### SUPPLIED MATERIAL
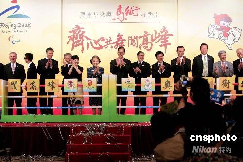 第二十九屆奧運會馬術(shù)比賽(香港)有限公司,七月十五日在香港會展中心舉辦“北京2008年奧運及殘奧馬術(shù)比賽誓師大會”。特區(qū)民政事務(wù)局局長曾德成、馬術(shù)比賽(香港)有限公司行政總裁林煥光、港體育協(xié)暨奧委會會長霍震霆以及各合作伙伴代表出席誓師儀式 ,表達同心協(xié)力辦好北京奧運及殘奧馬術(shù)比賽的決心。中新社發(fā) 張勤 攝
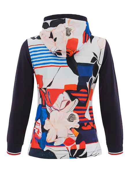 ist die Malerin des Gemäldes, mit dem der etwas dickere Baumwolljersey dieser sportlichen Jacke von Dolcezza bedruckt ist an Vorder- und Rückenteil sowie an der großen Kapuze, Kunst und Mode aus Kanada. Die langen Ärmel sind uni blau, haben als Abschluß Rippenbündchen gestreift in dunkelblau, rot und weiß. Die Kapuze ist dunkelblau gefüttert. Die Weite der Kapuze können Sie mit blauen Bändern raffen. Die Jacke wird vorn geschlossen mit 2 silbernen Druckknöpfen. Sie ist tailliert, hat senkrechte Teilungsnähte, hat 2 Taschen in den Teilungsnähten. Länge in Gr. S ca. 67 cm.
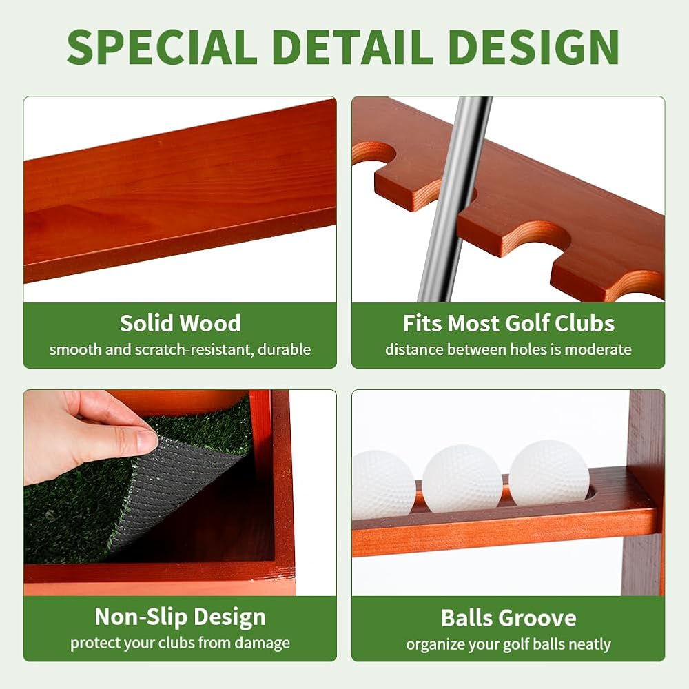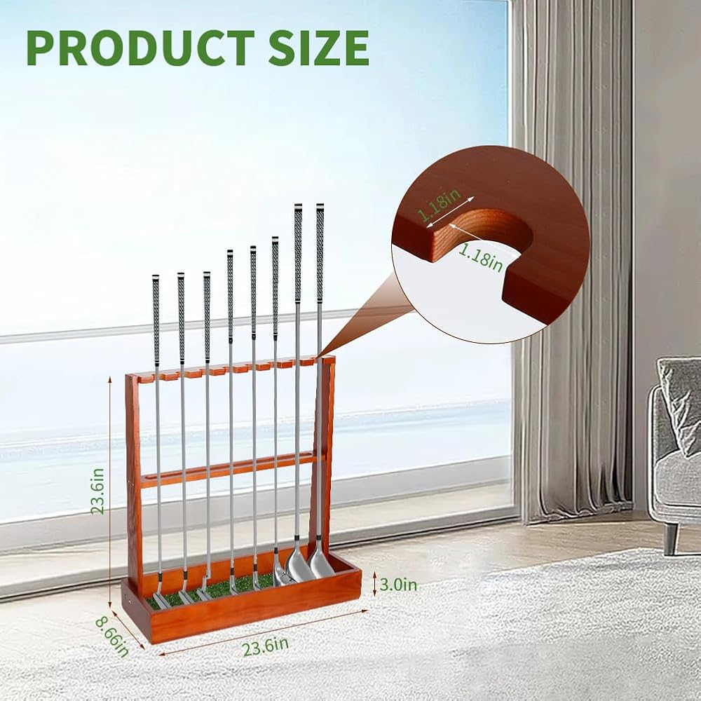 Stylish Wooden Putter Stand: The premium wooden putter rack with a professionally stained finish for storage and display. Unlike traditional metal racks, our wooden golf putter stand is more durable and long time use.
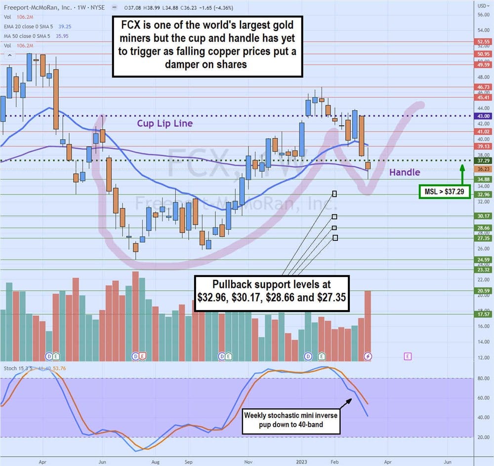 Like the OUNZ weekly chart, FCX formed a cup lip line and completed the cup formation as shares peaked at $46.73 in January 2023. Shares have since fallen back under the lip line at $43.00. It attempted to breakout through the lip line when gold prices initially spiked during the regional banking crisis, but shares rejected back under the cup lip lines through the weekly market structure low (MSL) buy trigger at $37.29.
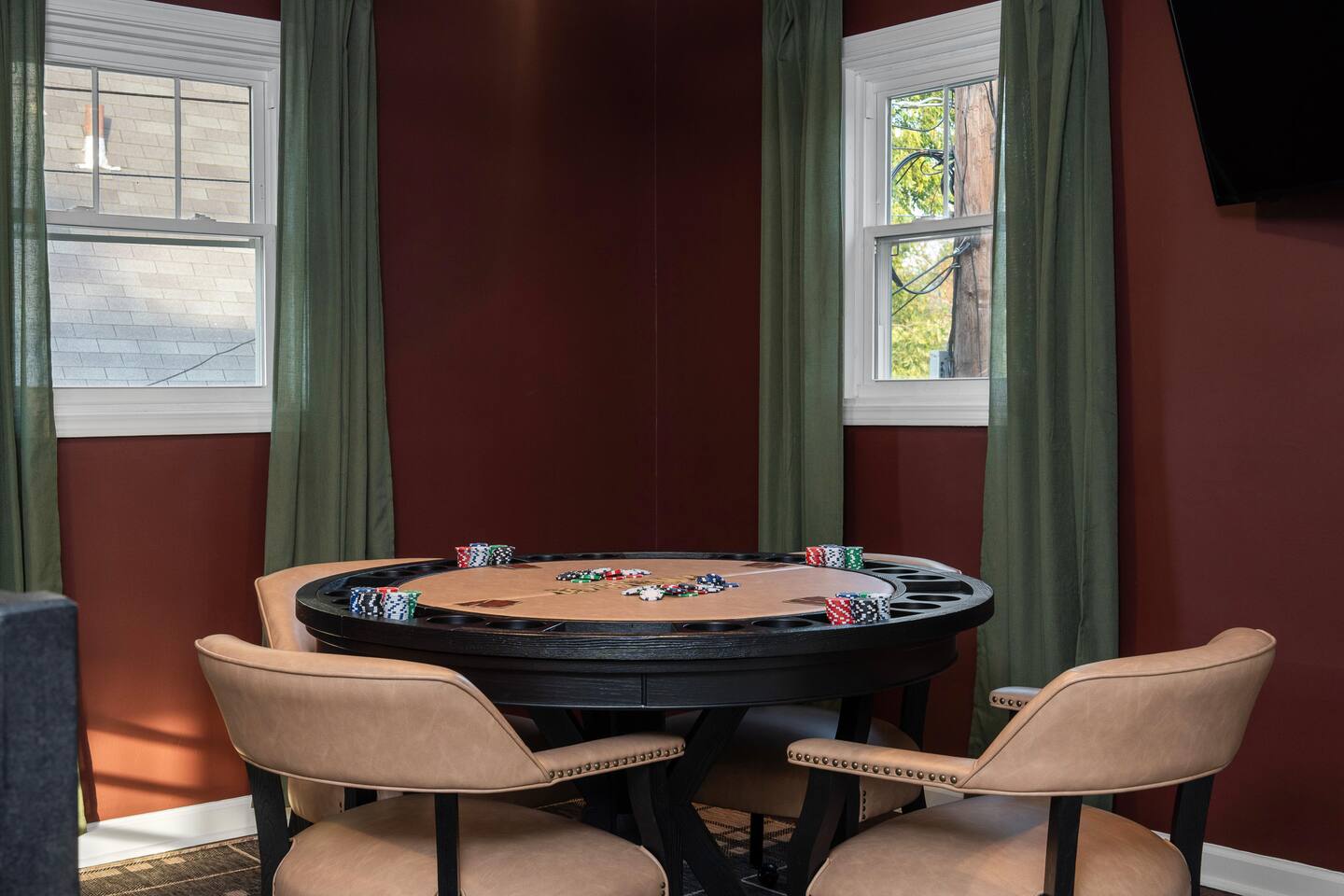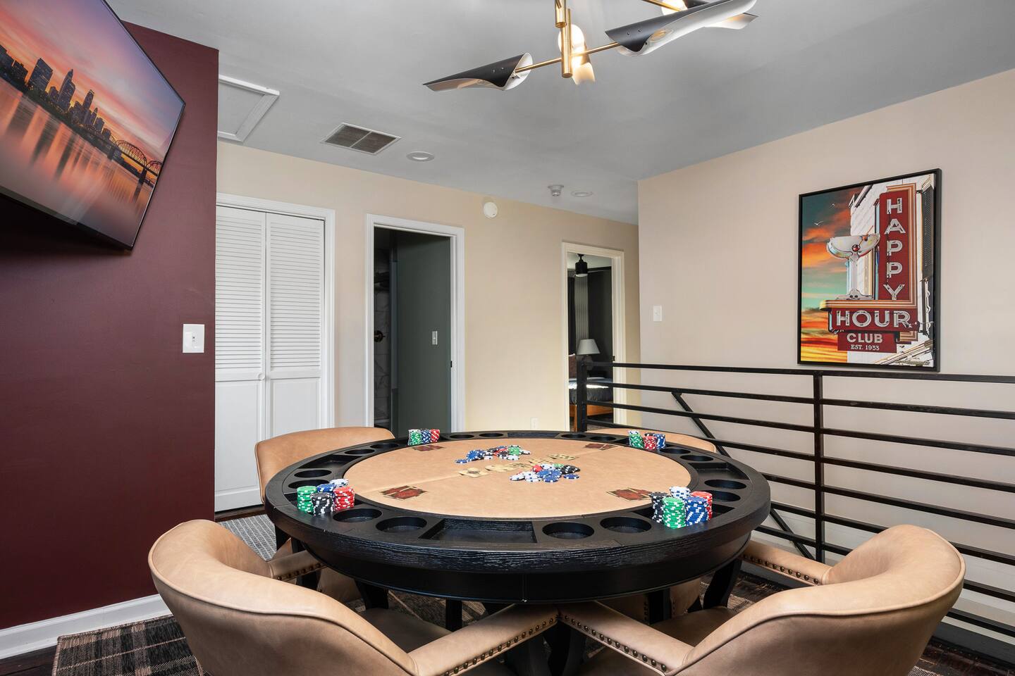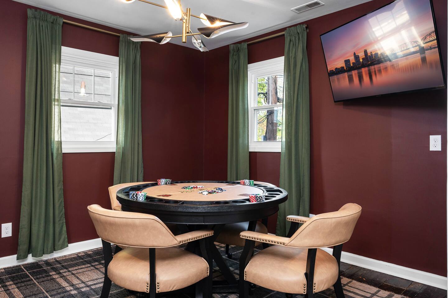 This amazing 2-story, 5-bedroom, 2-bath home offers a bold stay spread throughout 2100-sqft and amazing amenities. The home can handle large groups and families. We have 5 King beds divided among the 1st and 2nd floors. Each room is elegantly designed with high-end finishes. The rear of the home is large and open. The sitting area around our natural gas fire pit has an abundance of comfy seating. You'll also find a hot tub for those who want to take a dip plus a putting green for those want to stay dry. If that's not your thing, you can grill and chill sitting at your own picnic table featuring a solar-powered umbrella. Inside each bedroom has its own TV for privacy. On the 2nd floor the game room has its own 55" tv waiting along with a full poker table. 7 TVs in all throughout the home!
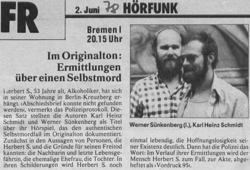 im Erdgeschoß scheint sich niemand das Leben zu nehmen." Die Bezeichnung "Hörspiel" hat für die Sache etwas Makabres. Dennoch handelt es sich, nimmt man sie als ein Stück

### WORK INSTRUCTIONS
Copy every line of the records exactly as it is written, but not the pictures.

### TASK SOLUTION
 第二十九屆奧運會馬術(shù)比賽(香港)有限公司,七月十五日在香港會展中心舉辦“北京2008年奧運及殘奧馬術(shù)比賽誓師大會”。特區(qū)民政事務(wù)局局長曾德成、馬術(shù)比賽(香港)有限公司行政總裁林煥光、港體育協(xié)暨奧委會會長霍震霆以及各合作伙伴代表出席誓師儀式 ,表達同心協(xié)力辦好北京奧運及殘奧馬術(shù)比賽的決心。中新社發(fā) 張勤 攝
 ist die Malerin des Gemäldes, mit dem der etwas dickere Baumwolljersey dieser sportlichen Jacke von Dolcezza bedruckt ist an Vorder- und Rückenteil sowie an der großen Kapuze, Kunst und Mode aus Kanada. Die langen Ärmel sind uni blau, haben als Abschluß Rippenbündchen gestreift in dunkelblau, rot und weiß. Die Kapuze ist dunkelblau gefüttert. Die Weite der Kapuze können Sie mit blauen Bändern raffen. Die Jacke wird vorn geschlossen mit 2 silbernen Druckknöpfen. Sie ist tailliert, hat senkrechte Teilungsnähte, hat 2 Taschen in den Teilungsnähten. Länge in Gr. S ca. 67 cm.
 Stylish Wooden Putter Stand: The premium wooden putter rack with a professionally stained finish for storage and display. Unlike traditional metal racks, our wooden golf putter stand is more durable and long time use.
 Like the OUNZ weekly chart, FCX formed a cup lip line and completed the cup formation as shares peaked at $46.73 in January 2023. Shares have since fallen back under the lip line at $43.00. It attempted to breakout through the lip line when gold prices initially spiked during the regional banking crisis, but shares rejected back under the cup lip lines through the weekly market structure low (MSL) buy trigger at $37.29.
 This amazing 2-story, 5-bedroom, 2-bath home offers a bold stay spread throughout 2100-sqft and amazing amenities. The home can handle large groups and families. We have 5 King beds divided among the 1st and 2nd floors. Each room is elegantly designed with high-end finishes. The rear of the home is large and open. The sitting area around our natural gas fire pit has an abundance of comfy seating. You'll also find a hot tub for those who want to take a dip plus a putting green for those want to stay dry. If that's not your thing, you can grill and chill sitting at your own picnic table featuring a solar-powered umbrella. Inside each bedroom has its own TV for privacy. On the 2nd floor the game room has its own 55" tv waiting along with a full poker table. 7 TVs in all throughout the home!
 im Erdgeschoß scheint sich niemand das Leben zu nehmen." Die Bezeichnung "Hörspiel" hat für die Sache etwas Makabres. Dennoch handelt es sich, nimmt man sie als ein Stück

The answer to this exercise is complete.